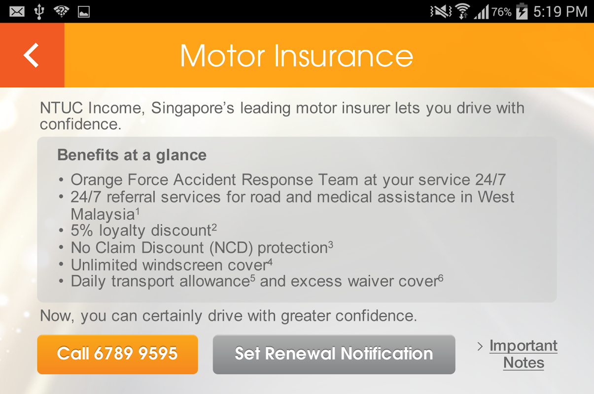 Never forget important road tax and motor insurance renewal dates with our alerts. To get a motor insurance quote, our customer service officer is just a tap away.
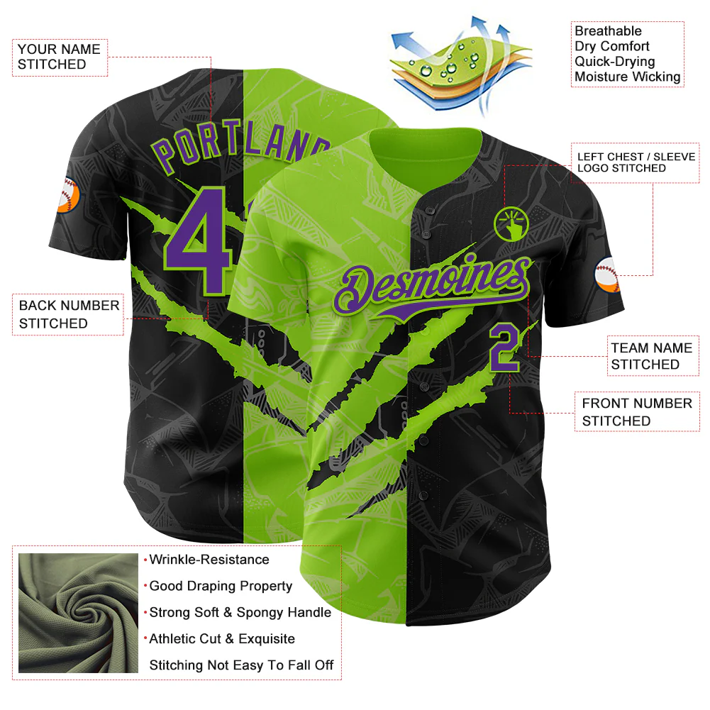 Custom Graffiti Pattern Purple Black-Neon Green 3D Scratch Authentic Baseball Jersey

---

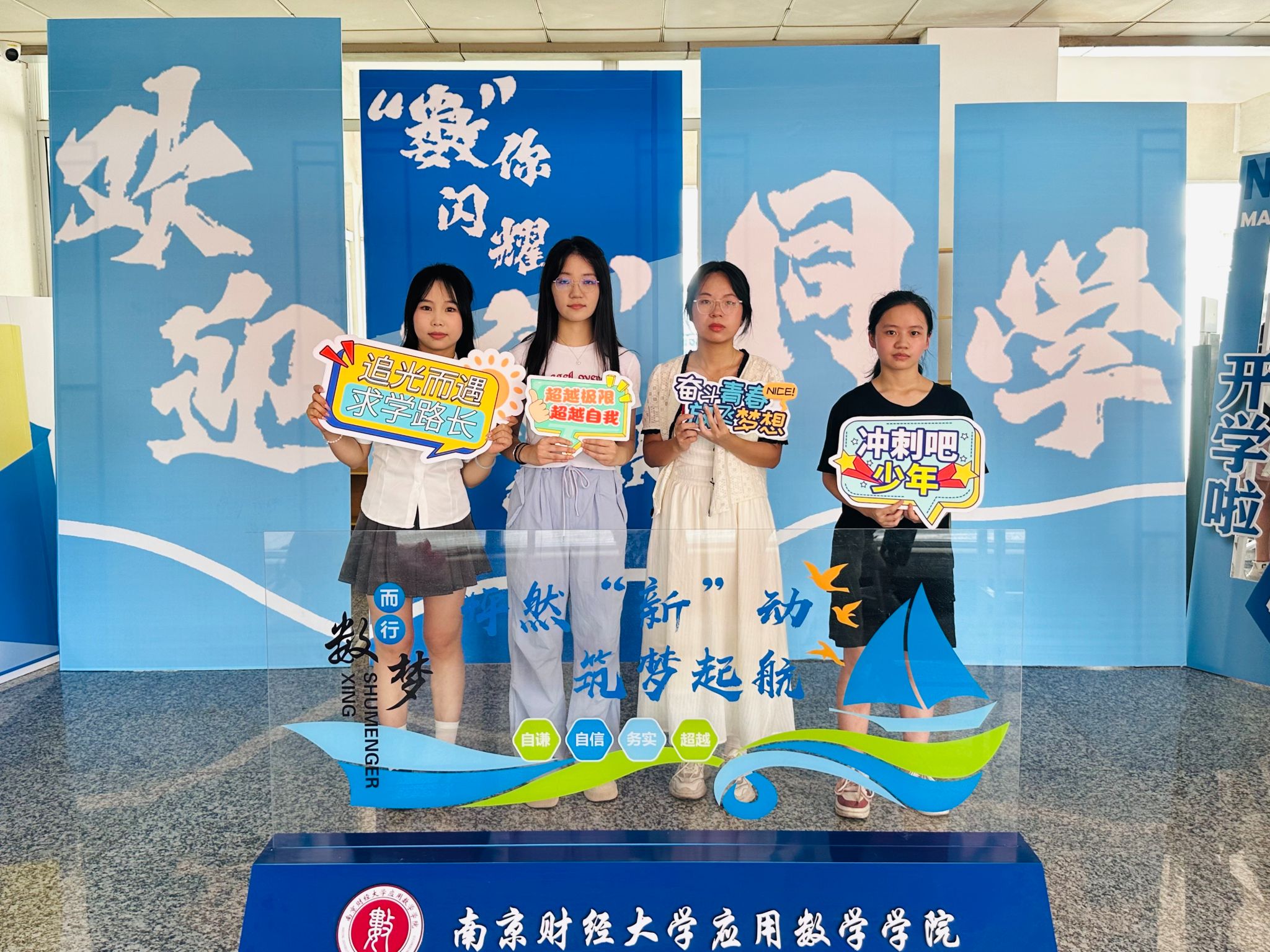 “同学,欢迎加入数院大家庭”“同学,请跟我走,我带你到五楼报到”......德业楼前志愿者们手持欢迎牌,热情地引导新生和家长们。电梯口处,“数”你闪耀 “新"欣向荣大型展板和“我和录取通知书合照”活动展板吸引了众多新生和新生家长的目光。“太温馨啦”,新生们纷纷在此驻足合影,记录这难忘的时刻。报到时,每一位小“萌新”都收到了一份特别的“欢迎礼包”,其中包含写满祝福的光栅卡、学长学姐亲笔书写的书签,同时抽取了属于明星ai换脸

§ **Work order**
Please set down, exactly and with no pictures, the lines in the entries above starting at the one holding "Never forget important" and ending at the one holding "Custom Graffiti Pattern", ends included.

§ **Task output**
 Never forget important road tax and motor insurance renewal dates with our alerts. To get a motor insurance quote, our customer service officer is just a tap away.
 Custom Graffiti Pattern Purple Black-Neon Green 3D Scratch Authentic Baseball Jersey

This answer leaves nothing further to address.